Both nations could be derailed by regional imbalances and sharpening divide. Their tasks as of all emerging economies is to overcome enormous regional disparities of wealth and spread their growing prosperity more evenly among their populations.
The disaffection and alienation are growing largely because the technology and globalisation are not working for the masses. The wide spread demonstrations against the cartoons of the prophet are not a clash of civilisations but the expression of pent up feelings of a community which has long been left out of modernity because of economic and social injustices not only by the western world but by their own autocratic rulers. The globalisation has failed to integrate these communities and build a culture of enterprise and entrepreneurship. This is a challenge for the business because they have everything to lose if the discontent spreads.

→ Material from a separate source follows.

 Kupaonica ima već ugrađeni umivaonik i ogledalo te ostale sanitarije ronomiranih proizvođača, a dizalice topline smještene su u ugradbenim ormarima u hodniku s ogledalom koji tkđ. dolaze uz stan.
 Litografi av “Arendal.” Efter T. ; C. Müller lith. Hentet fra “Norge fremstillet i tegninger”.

So what’s the solution? We must change our models of dialogue, debate and democracy. The Socratic model of adversarial debate aimed to demolish opponent’s argument rather than exploration and understanding of each other’s beliefs and perceptions is unsuitable in the complex world of the 21st Century where there may be many aspects of the same truth. We have to move from monologues to dialogue and learn to value dissent, difference and diversity. This is the only way to have constructive engagement with all stakeholders. We have to use transparency and disclosure to rebuild trust with local communities. While November’s unrest and arson attacks affected many suburbs around Paris, the town of Issyles-Moulineaux to the south of the capital remained unaffected. Its Mayor Andre Santini had invested heavily on technology infrastructure in an attempt to attract international firms such as Hewlett-Packard and Cisco Systems. He also used technology to bring transparency in his interaction with Issy’s 63,000 inhabitants. Issy was the first French town to start an internet-based local TV service, and has held an online election for councillors for Issy’s four districts. Candidates campaigned via their own blog pages and discussed issues with voters through the town’s website. All this bolstered Santini’s popularity and he has won a landslide victory in the last municipal elections.

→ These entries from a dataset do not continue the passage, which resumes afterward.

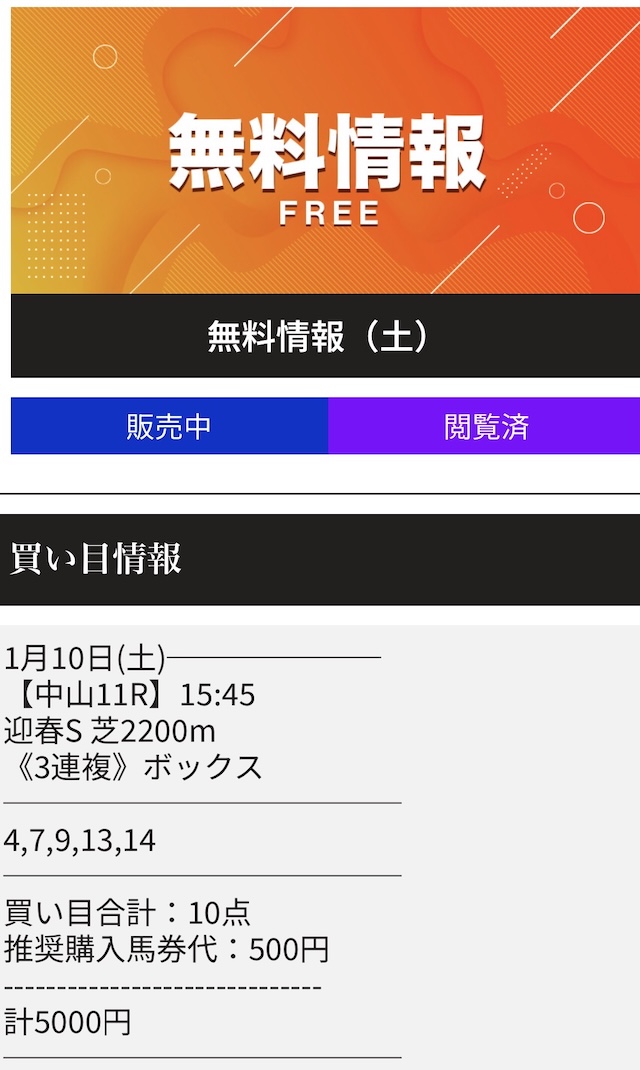 有料予想であんだけ当たると無料予想だけだと物足りなさを感じる。
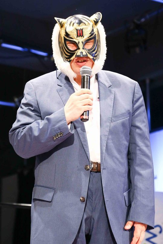 同大会には初代タイガーマスク 佐山聡名誉顧問も来場し、リング上からご挨拶。本日のタイガーサポーターズマッチのコンセプトである「道場マッチ」がタイガーマスクの原点だったと振り返りながら、「これからの素晴らしい選手が生まれてくるので、よろしくお願いします」と呼びかけました。さらに7・29後楽園大会でのデビューが決定した女性版タイガーマスク「タイガークイーン」にも言及。「皆さんに保証します。素晴らしい選手。皆さん温かい気持ちで彼女を応援してください」とアピールしました。
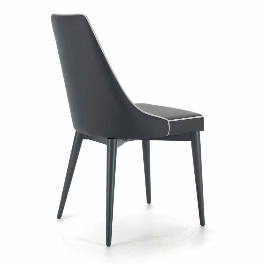 Luxury padded chair with graphite steel base and eco-leather seat with white piping; handcrafted in Italy.
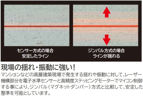 ●【用途】基準出し用レーザー墨出し器。●【機能・特長】センサー機能で揺れに強いです。明るい場所でも見やすい高輝度レーザーです。精密な地墨合わせができる360度回転微調整機能付です。本体に直接三脚の取り付けができます。●【材質】外装:ABS樹脂。【注意事項】●【重要】ご購入された際には、必ずご登録を行ってください、保証書にはご使用される方の名前のご記入が必要です。●製品ついてのお問い合わせは、タジマレーザー相談デスクまで:0120-933297(受付時間:月曜日~金曜日 9:00~17:30※12:00~13:00/祝日・メーカー指定休日を除く)。●使用前使用後に必ず精度確認を行って下さい。

Global corporations today have to face new geopolitical realities. It is their neck on the chopping block. Their constituency is global. They have to become the drivers of both social and political agenda and use technology to co-create entrepreneurial solutions to the intractable problems of peace, poverty and pollution. Having cried hoarse all along for minimising the government role in corporate agenda they cannot bank entirely on the governments. The discontent stemming from inequality and injustice provides a lush recruiting ground for the evil ideologues and can spell doom for the businesses. Their biggest challenge today lies in managing diversity and bridging disparities for their own survival. Alternative is chaos and anarchy.